# 2015 S Works Tarmac 52 or 54???



## Jonas111 (May 13, 2014)

I will try and make a long story short. I have a 2013 S Works Tarmac 52cm frame set. I was hit by a car and it looks like the insurance company will be replacing the frame and fork. 

My question is with the new changes to the frames for 2015 is it better to go with the 54 or the 52? I won't be able to try it before I buy it. 

I know when I was fitted the 52 was pretty good size and the 54 would have worked as well.


----------



## Cni2i (Jun 28, 2010)

It really is hard to say without knowing any details about your size and riding style.

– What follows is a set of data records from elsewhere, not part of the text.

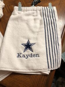 Wrap yourself in comfort or give the gift of luxury with a personalized towel. Our embroidered wrap towels are an excellent way to transform a generous gift into a customized keepsake. We combine quality materials, thoughtful customization, and exceptional client service to keep our customers happy.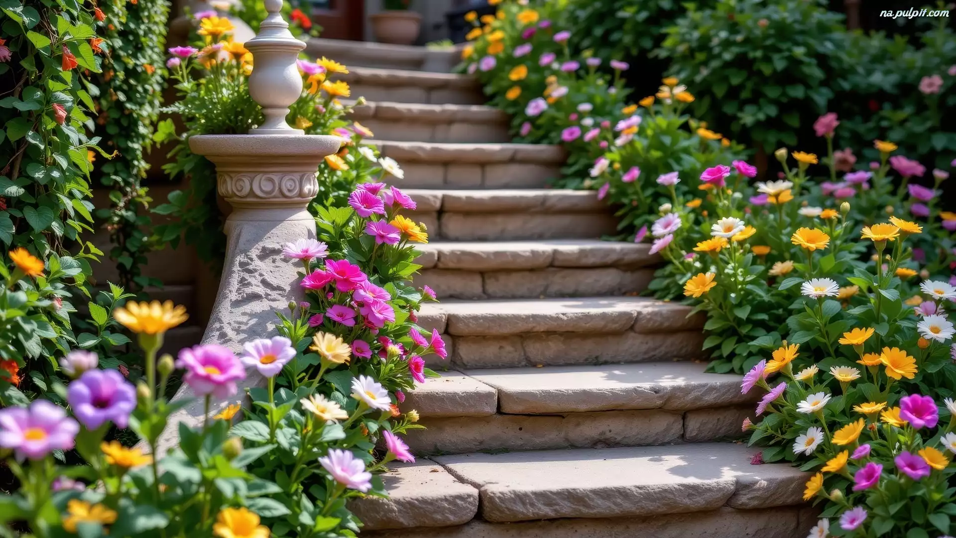 Kwiaty, Kolorowe, Schody Na Pulpit
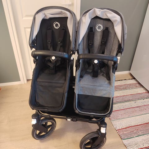 Kuvien mukaiset Bugaboo tuplarattaat kahdelle lapselle. Rattaissa on vierekkäin sijoitetut istuimet, joissa erilliset turvakaaret ja säädettävät selkänojat. Sisältää Lisäksi vauvan vaunukopan ja rattaisiin kiinnitettävän varuste kassin. Rattaissa on tavarakori rungon alla. Rattaat säilytetty lämpimässä varastossa.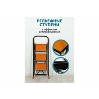 Широкие и удобные ступени с противоскользящим покрытием обеспечивают безопасность и устойчивость во время работы. Размер каждой ступени составляет 20 х 30 см, что делает подъем и спуск комфортным. Максимальная нагрузка на стремянку составляет 150 кг, что позволяет использовать ее даже для тяжелых работ.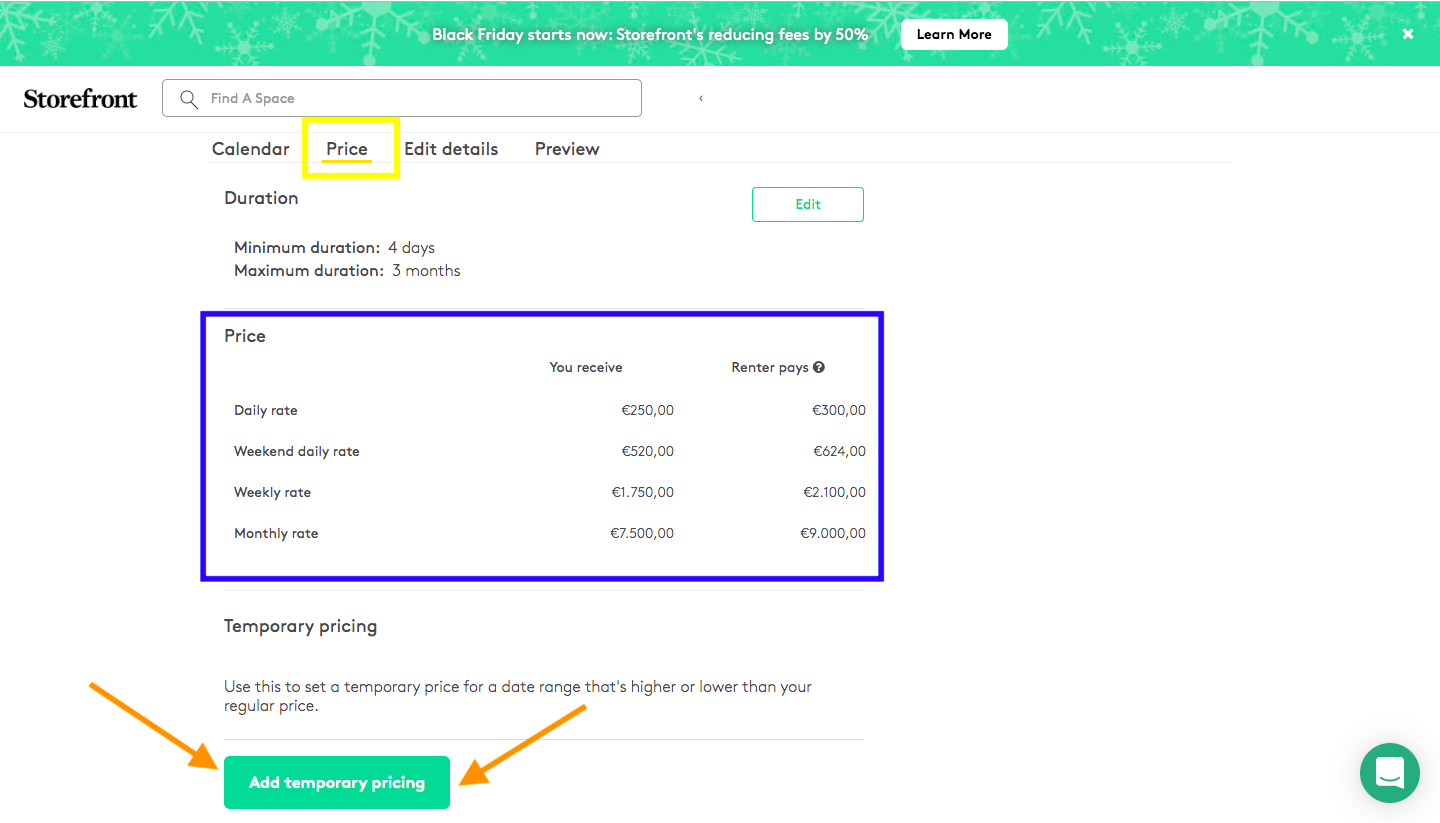 Vous avez deux types de tarifs. Le premier (souligné en bleu) correspond aux tarifs de votre espace, par ex. 1 500 € / semaine. « Ajouter une tarification temporaire » sert à définir des prix sur une période donnée (par ex. les semaines de mode, l'été, les fêtes…). Sélectionnez la période et indiquez le montant souhaité. Une fois enregistré, la plateforme actualise les prix en incluant notre commission de 20 %.

But I was in your exact same situation. I was riding a 52 SW sl4 Tarmac and went to the new 54 Tarmac. I did so solely to achieve a better fit. And it worked! 

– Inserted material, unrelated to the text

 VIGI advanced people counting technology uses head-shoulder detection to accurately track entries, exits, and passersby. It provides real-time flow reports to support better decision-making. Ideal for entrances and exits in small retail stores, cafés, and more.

Staying in a 52 would give you an overall slightly lighter frame but supposedly also a little less stiff frame compared with the 54. So if the 52 fitted u well, I'd stay in that size, unless stiffness was your top priority....and even then, not sure if u would even notice. Personally I didn't notice much change in terms of weight and stiffness with my new Tarmac 54 vs my SW sl4 52.


----------



## TSW910 (Aug 8, 2012)

I am also riding a 52 frame but most people and fitters always say "you look a bit big on your frame" Even thou I can ride it without any issues (for the last 2 yrs) .. but I am in the process of looking for a 54 frame just to get more relaxed position and better movements and also get more air in ..


----------